**Record extracts**
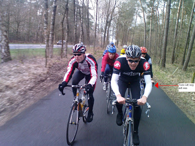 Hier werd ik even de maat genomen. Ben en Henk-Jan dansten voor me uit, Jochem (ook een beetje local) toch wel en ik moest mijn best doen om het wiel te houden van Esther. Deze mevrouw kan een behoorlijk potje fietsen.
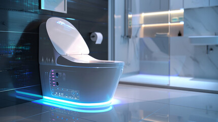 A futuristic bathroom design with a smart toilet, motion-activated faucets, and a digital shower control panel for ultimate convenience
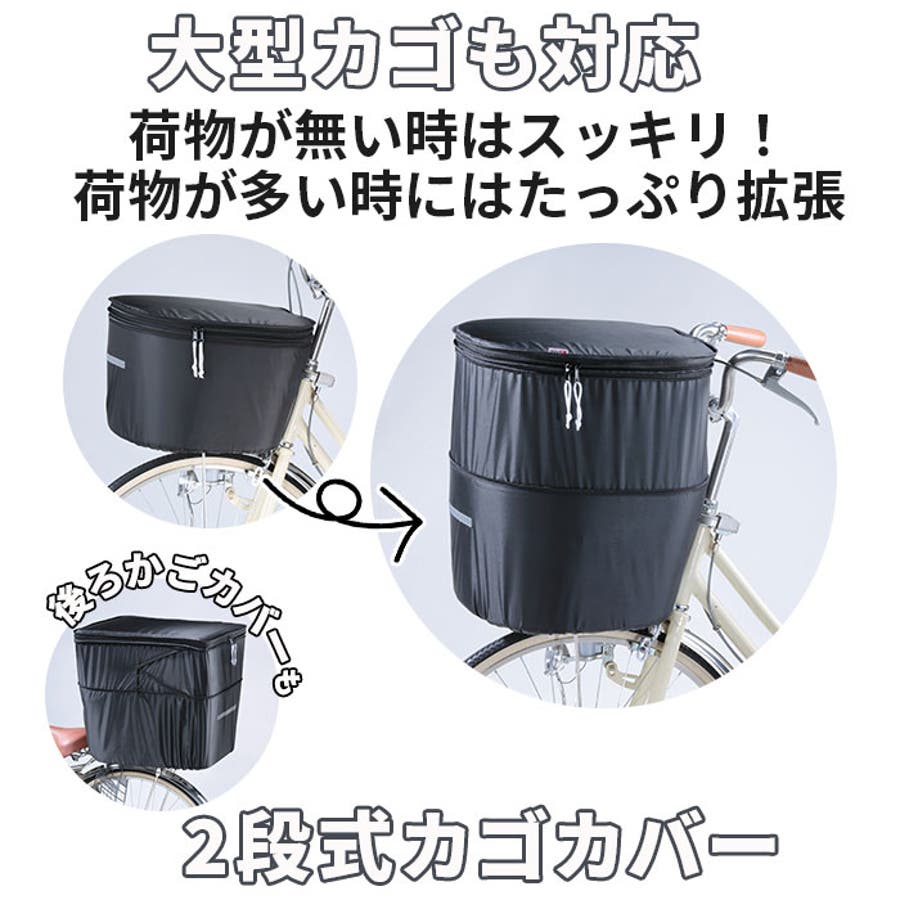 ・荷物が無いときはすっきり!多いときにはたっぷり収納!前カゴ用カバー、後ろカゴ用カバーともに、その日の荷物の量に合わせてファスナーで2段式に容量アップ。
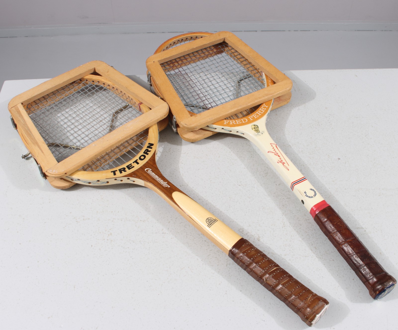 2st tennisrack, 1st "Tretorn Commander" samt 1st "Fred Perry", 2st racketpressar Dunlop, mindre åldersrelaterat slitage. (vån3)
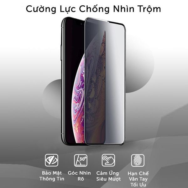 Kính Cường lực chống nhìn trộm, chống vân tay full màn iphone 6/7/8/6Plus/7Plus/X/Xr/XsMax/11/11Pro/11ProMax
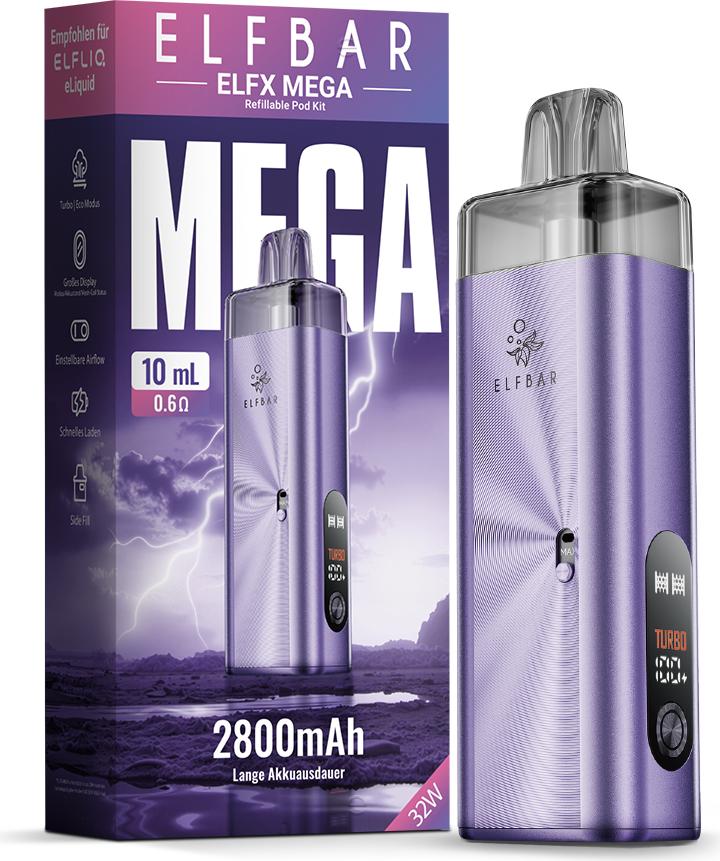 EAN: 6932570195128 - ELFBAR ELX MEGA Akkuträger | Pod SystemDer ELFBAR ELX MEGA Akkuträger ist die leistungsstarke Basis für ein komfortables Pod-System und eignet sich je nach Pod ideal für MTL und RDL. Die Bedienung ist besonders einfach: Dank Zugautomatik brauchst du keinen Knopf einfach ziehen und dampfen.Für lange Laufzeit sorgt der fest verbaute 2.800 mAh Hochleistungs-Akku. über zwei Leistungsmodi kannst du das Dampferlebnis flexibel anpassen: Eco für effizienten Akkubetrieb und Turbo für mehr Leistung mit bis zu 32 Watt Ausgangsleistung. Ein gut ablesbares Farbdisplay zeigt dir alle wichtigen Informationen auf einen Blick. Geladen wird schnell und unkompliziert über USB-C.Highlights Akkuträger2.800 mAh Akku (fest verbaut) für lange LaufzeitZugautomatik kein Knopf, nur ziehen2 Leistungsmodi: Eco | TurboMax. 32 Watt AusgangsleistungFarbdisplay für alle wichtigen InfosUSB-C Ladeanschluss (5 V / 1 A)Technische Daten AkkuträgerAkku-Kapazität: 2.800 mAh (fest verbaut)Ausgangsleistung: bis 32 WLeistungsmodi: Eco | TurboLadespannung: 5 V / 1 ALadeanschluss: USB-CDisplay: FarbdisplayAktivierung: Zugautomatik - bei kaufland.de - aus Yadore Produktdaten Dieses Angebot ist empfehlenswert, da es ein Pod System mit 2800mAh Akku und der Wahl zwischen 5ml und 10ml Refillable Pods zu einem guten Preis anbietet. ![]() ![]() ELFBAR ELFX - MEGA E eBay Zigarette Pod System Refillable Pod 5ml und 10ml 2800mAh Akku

**Problem to work on**
Nothing but the lines from the line with "2st tennisrack, 1st" through the end of the listing should appear in the answer, each duplicated exactly, without pictures.

**Response area**
 2st tennisrack, 1st "Tretorn Commander" samt 1st "Fred Perry", 2st racketpressar Dunlop, mindre åldersrelaterat slitage. (vån3)
 Kính Cường lực chống nhìn trộm, chống vân tay full màn iphone 6/7/8/6Plus/7Plus/X/Xr/XsMax/11/11Pro/11ProMax
 EAN: 6932570195128 - ELFBAR ELX MEGA Akkuträger | Pod SystemDer ELFBAR ELX MEGA Akkuträger ist die leistungsstarke Basis für ein komfortables Pod-System und eignet sich je nach Pod ideal für MTL und RDL. Die Bedienung ist besonders einfach: Dank Zugautomatik brauchst du keinen Knopf einfach ziehen und dampfen.Für lange Laufzeit sorgt der fest verbaute 2.800 mAh Hochleistungs-Akku. über zwei Leistungsmodi kannst du das Dampferlebnis flexibel anpassen: Eco für effizienten Akkubetrieb und Turbo für mehr Leistung mit bis zu 32 Watt Ausgangsleistung. Ein gut ablesbares Farbdisplay zeigt dir alle wichtigen Informationen auf einen Blick. Geladen wird schnell und unkompliziert über USB-C.Highlights Akkuträger2.800 mAh Akku (fest verbaut) für lange LaufzeitZugautomatik kein Knopf, nur ziehen2 Leistungsmodi: Eco | TurboMax. 32 Watt AusgangsleistungFarbdisplay für alle wichtigen InfosUSB-C Ladeanschluss (5 V / 1 A)Technische Daten AkkuträgerAkku-Kapazität: 2.800 mAh (fest verbaut)Ausgangsleistung: bis 32 WLeistungsmodi: Eco | TurboLadespannung: 5 V / 1 ALadeanschluss: USB-CDisplay: FarbdisplayAktivierung: Zugautomatik - bei kaufland.de - aus Yadore Produktdaten Dieses Angebot ist empfehlenswert, da es ein Pod System mit 2800mAh Akku und der Wahl zwischen 5ml und 10ml Refillable Pods zu einem guten Preis anbietet. ![]() ![]() ELFBAR ELFX - MEGA E eBay Zigarette Pod System Refillable Pod 5ml und 10ml 2800mAh Akku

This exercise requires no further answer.